Gonçalves destaca que o ex-procurador da República pediu exoneração 16 dias após outro procurador da operação ter sido apenado com demissão em um PAD instaurado a partir de reclamação por contratar e instalar outdoor em homenagem à força-tarefa, com fotografia na qual o Deltan Dallagnol também aparece. O fato, segundo o relator, não teria “maior liame com o caso” se não fossem as circunstâncias.

O relator acrescenta ainda que “a mencionada exoneração do recorrido, ainda faltando onze meses para as Eleições 2022, ganha relevância no contexto da fraude à lei”. Isso porque membros do Ministério Público apenas precisam se afastar do cargo faltando seis meses para o pleito.

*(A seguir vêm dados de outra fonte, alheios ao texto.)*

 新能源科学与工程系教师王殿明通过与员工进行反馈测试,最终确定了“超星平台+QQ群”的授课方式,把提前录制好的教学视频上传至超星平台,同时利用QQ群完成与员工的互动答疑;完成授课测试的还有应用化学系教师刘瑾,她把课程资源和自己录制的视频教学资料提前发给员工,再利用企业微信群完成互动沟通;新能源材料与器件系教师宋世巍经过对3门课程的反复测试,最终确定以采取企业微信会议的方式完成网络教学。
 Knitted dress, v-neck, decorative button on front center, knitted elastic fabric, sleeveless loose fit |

O voto do relator foi seguido de forma unânime pelos outros integrantes do TSE.

Esse dispositivo sobre a inelegibilidade de integrantes do Ministério Públicos foi incluída na Lei da Ficha Limpa em uma atualização feita em 2010. A emenda é de autoria do atual ministro da Justiça, Flávio Dino, e foi apresentada em 2009, quando ele era deputado. Na justificativa, ele argumentou que a hipótese que considera o pedido de exoneração “é prevista para evitar que pedido de exoneração ou de aposentadoria voluntária seja realizado para afastar eventual inelegibilidade de membro do MP, o que seria verdadeira burla ao espírito deste Projeto de Lei Complementar”.

Dallagnol pode recorrer tanto no TSE, via embargos de declaração, quanto no Supremo Tribunal Federal (STF), porém sem mandato. A decisão de cassação foi cumprida de forma imediata. Os mais de 344 mil votos concedidos ao ex-procurador serão computados em favor do Podemos, legenda pela qual ele concorreu às eleições.

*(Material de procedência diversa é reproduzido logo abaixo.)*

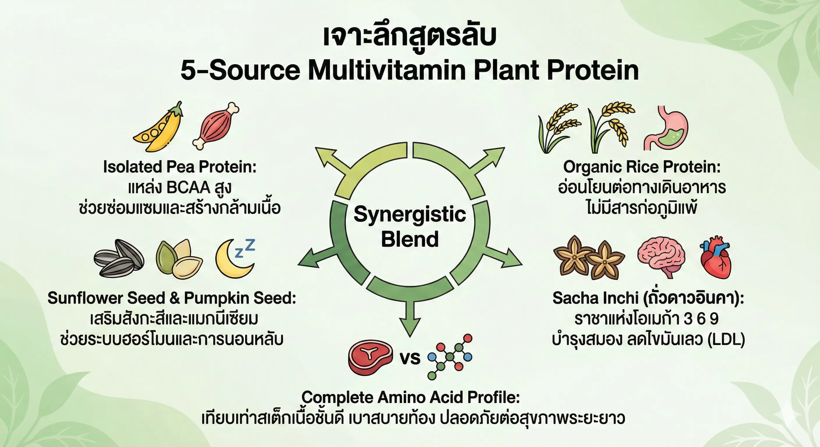 เราไม่ได้เลือกใช้เพียง "ถั่วเหลือง" เหมือนแบรนด์ทั่วไป แต่เราออกแบบ Synergistic Blend จากพืช 5 ชนิด เพื่อให้ได้โปรตีนที่สมบูรณ์แบบที่สุด:

Registro de Dallagnol havia sido aceito pelo TRE-PR

O Tribunal Regional Eleitoral do Paraná (TRE-PR) anteriormente havia julgado improcedentes as impugnações e deferido o pedido de registro de candidatura de Deltan Dallagnol.

Para o TRE-PR, a exoneração voluntária de Dallagnol não atrapalhou a continuidade da investigação probatória e a conversão dos expedientes em procedimentos administrativos disciplinares, pois a reclamação disciplinar, a sindicância e o pedido de providências podem, ou não, gerar a instauração do processo disciplinar, a depender das circunstâncias do caso concreto.

O acórdão aponta também que entendimento diverso implicaria “verdadeira interpretação ampliativa da norma de caráter restritivo, o que é vedado pelo ordenamento jurídico”. Para os julgadores do tribunal de origem, o juízo de valor a ser exercido pela Justiça Eleitoral é tão somente avaliar, objetivamente, se havia processo administrativo disciplinar em andamento, quando efetuado o pedido de exoneração pelo membro do MP. Também não cabe à Justiça Eleitoral analisar, subjetivamente, suposta intenção acobertada pelo pedido de exoneração formulado pelo candidato impugnado.